A Question My Children Probably Won’t Ask
There’s a scene that exists in films. The child, half-grown, sits across the dinner table and asks the father what it was like back then. What it was like to grow up in that other world. The father looks into the middle distance then comes back and transmits his strange ancient wisdom.
When the time comes, our children probably won’t ask us. Not because they won’t be curious, but because the question has no natural shape in a life where the answer is already there. They will probably be more likely to ask their AI companion or watch a forty-second video edit set to a song I used to skip than ask me what the nineties felt like.
But if they did ask. If one of them, on some future evening, said, ‘What was it like back then?’ I’d start by saying that there was no device in my pocket holding open the possibility of connection. No evolving profiles or message histories translating me into a legible shape for other people. Separateness was the basic condition of being. When I went home, my bedroom had a door that shut, and nothing on the other side of it could reach me unless it knocked.
I remember being eighteen, in my first year at university, closing my bedroom door and switching off my first mobile phone. Not a smartphone. A small grey Sony that could send texts and make calls. The act of pressing the button until the tiny two-tone screen died was something I did all the time. I’m not available now. I’m going to listen to music, or read, or write, just be a person in a room. Turning the phone off meant: I want to return to baseline reality now. Separate.
I don’t think my children will ever switch their phones off the way I did back then. Not because they will be worse at being people but because the gesture will have no meaning. You can’t refuse a thing that has become the weather.
The question of whether I mattered was something I asked myself when I was on my own. It pushed me inward. That teenage crisis of meaning hasn’t gone anywhere. The question is now put to the screen in the presence of everyone. It wears different faces depending on the platform. It is routed through a status economy, where it is priced by attention.
When I was young there was still a thing called selling out. It was taken seriously. You could ruin an artist by pointing at them and saying those words. I was supposed to have an inside, a small stubborn thing, and the world wanted to buy it. My job was to say no. To stand separate and pure, in a state of truth untainted by market influence.
These days, the idea of selling out sounds like a folk belief from a vanished tribe. Sell out to whom. Out of what. The inside that used to be protected has been turned inside out. The project of the self is no longer to guard and develop a private core against the market. It is to render the core legible to the market as efficiently as possible. The people who do this best are called honest. The three-hour unedited podcast is the new sincerity. Nothing is edited out and this, somehow, is taken as proof of a real person on the other side of it.
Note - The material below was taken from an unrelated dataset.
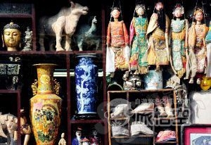 東西に延びる瑠璃廠文化街は、南新華街と交差する辺りが中心地で大型の書店「中国書店」があります。海外の研究者がよく立ち寄る書店で人文科学系の専門書が多く一部古書も扱っています。ここから東側は瑠璃廠東街と呼ばれ延寿街まで続き書画を商う老舗が並びます。西側は瑠璃廠西街で柳巷まで延び、書店が軒を連ねてます。書画、骨董については巧妙なレプリカが多いがごく稀に掘り出し物もあります。

Back then, the market was the thing we were supposed to resist in order to become ourselves. Now the market is the thing we are supposed to give ourselves to in order to measure ourselves.
What I would want to say to my children, if they ever asked, is this. Back then, there was a gap. Between you and the world. The gap was the thing. You had to cross the gap or you disappeared. I remember hearing Pixies for the first time and feeling like it was a transmission from another planet. My planet. I bought a CD and listened to it alone in my room and the distance it had travelled was part of its meaning. I had to go out and find people who liked it too. The finding was slow and physical. It involved making the wrong friends, bumping heads, wandering from tribe to tribe. The sense of oddity this involved, being in the wrong place with the wrong people, built a stance. A way of relating to who and what I loved.
No one disappears now. That was the old risk. If you didn’t cross the gap, you vanished. The gap is still there, but crossing it has got harder, because you don’t have to try, and trying doesn’t work the way it used to. Your friends and the world are in your pocket, just waiting to be accessed. Every culture and every person is available, instantly, in a feed. But nothing holds for long enough to become a shared centre, because the ground moves to the next piece of content before anyone has finished standing on the last one. You can find people who share a sliver of what you like. It is harder to find people who stand in the same relation to the whole thing as you do.
Finding my people didn’t mean finding people who liked Doolittle. The content shifted back then too. It meant finding people who understood, without saying it, that the music was almost beside the point. What the social groups I liked being part of shared was a posture toward the market, toward the culture, toward being alive in the world. The content was barterable. The stance wasn’t. That was what held groups together. I don’t know whether those groupings still form. I hope they do. Somewhere there must be teenagers who refuse to post on principle, who feel the whole arrangement as a kind of theft.
My children will have a cultural fluency I can’t imagine. They'll be at home in a kind of layered presence I would find exhausting, knowing which version of themselves to show on which platform without thinking about it. They’ll laugh at me for switching off my phone when I want to write with a pen on paper. But if one of them does ask, some evening. If the question of what it used to be like finds its shape and comes out. I’d tell them about skateboarding to the promenade without a plan. Hoping to see friends but sometimes seeing no one. Explain that some nights it was just me, the sea and my skateboard. A feeling of being small in front of a thing that didn’t know I was there. I’d tell them that when you were alone nobody could reach you and this was not a problem to be solved. It was where the self lived.
And then, if they were still listening, I’d ask them what it feels like when they turn off their phones. What’s there when the signal stops?